With the help of an MRI biomarker, researchers have found that people with smaller regions of the brain's cortex may be more likely to develop symptoms consistent with early Alzheimer's disease, even if they currently have no memory problems.
The study's findings, published online December 21 in the journal Neurology, could help detect people at high risk of preclinical Alzheimer's disease and future cognitive decline, according to a group led by Dr. Bradford Dickerson at Massachusetts General Hospital.
The researchers used data from the Alzheimer's Disease Neuroimaging Initiative (ADNI) to select 159 cognitively normal individuals with an average age of 76. At the beginning of the study and over the next three years, the participants were given tests that measured memory, problem solving, and the ability to plan and pay attention.
All subjects also underwent a 1.5-tesla MRI exam to serve as a baseline measure. The imaging biomarker used was the Alzheimer's disease signature (ADsig) of regional cortical thinning, which previous studies have shown to be a reliable marker of mild Alzheimer's disease and useful for predicting Alzheimer's in individuals with mild cognitive impairment. The Alzheimer's disease signature is also detectable in cognitively normal individuals with brain beta-amyloid as measured by PET imaging.
Dickerson and colleagues also recently found that ADsig is detectable in cognitively normal adults who later develop Alzheimer's. Individuals who have this biomarker have a three times greater risk of developing Alzheimer's over the next decade.
To determine the Alzheimer's disease signal, the researchers measured the average thickness of nine regions of interest in the cerebral cortex. Each individual was then classified as follows: ADsig-low if the value was one standard deviation or more below the mean, ADsig-average if it was within one standard deviation of the mean, and ADsig-high if it was one standard deviation or more above the mean.
Individuals in the ADsig-low group "were considered to have evidence of early neurodegeneration, which is consistent with Alzheimer's, and therefore were considered as high risk for preclinical Alzheimer's," Dickerson and colleagues noted.
Of the 159 cognitively normal subjects, 19 were found to be at high risk (ADsig-low) for preclinical Alzheimer's disease using the MRI biomarker. Of the remaining individuals, 116 were classified as ADsig-average and 24 were considered ADsig-high.
During the three years of follow-up after MRI, cognitive decline developed in 21% of the high-risk group, 7% of the average-risk group, and none of the low-risk group.
In the measurement of brain size, subjects who experienced cognitive decline had a mean cortical thickness of 2.41 mm, which was significantly smaller than the cortical thickness of 2.56 mm among those who were cognitively stable.
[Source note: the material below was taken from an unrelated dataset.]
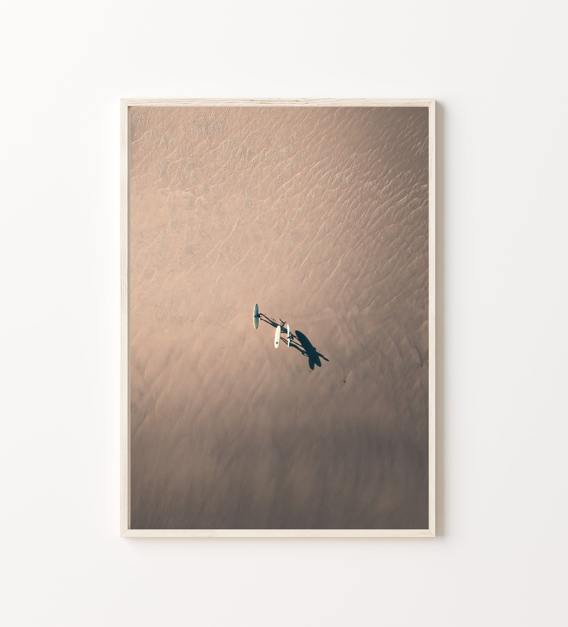"Through my drone's lens over Byron Bay, three surfers embark on their oceanic adventure. As they move in harmony towards the beckoning waves, this aerial capture highlights their shared anticipation and passion. Set against the vast backdrop of the shoreline, it's a premium portrayal of the bond between surfers and the magnetic pull of the sea."
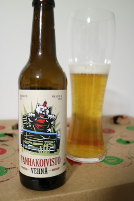 Sitten vuorossa vehnäistä olutta porilaiselta Rocking Bear Brewersilta. Tämä Vanhakoivisto Vehnä on etiketin mukaan kevyen hapan janonsammuttaja, joka nojaa vahvasti perinteiseen saksalaiseen suodattamattomaan Hefeweizeniin.

The researchers also found that 60% of the group considered most at risk for early Alzheimer's disease had abnormal levels of proteins associated with the disease in cerebrospinal fluid, compared with 36% of individuals at average risk and 19% of participants who were at low risk.
Study limitations
Dickerson and colleagues cited the relatively small number of individuals and the short follow-up period as study limitations. "The apparently low sensitivity of the present MRI biomarker to cognitive decline is likely related in part to the short follow-up interval," the authors wrote.
"Further research is needed on how using MRI scans to measure the size of different brain regions in combination with other tests may help identify people at the greatest risk of developing early Alzheimer's as early as possible," Dickerson added in a statement on the study.
In an accompanying editorial published in Neurology, Susan Resnick, PhD, of the National Institute on Aging, wrote that the "ability to identify people who are not showing memory problems and other symptoms, but may be at a higher risk for cognitive decline, is a very important step toward developing new ways for doctors to detect Alzheimer's disease."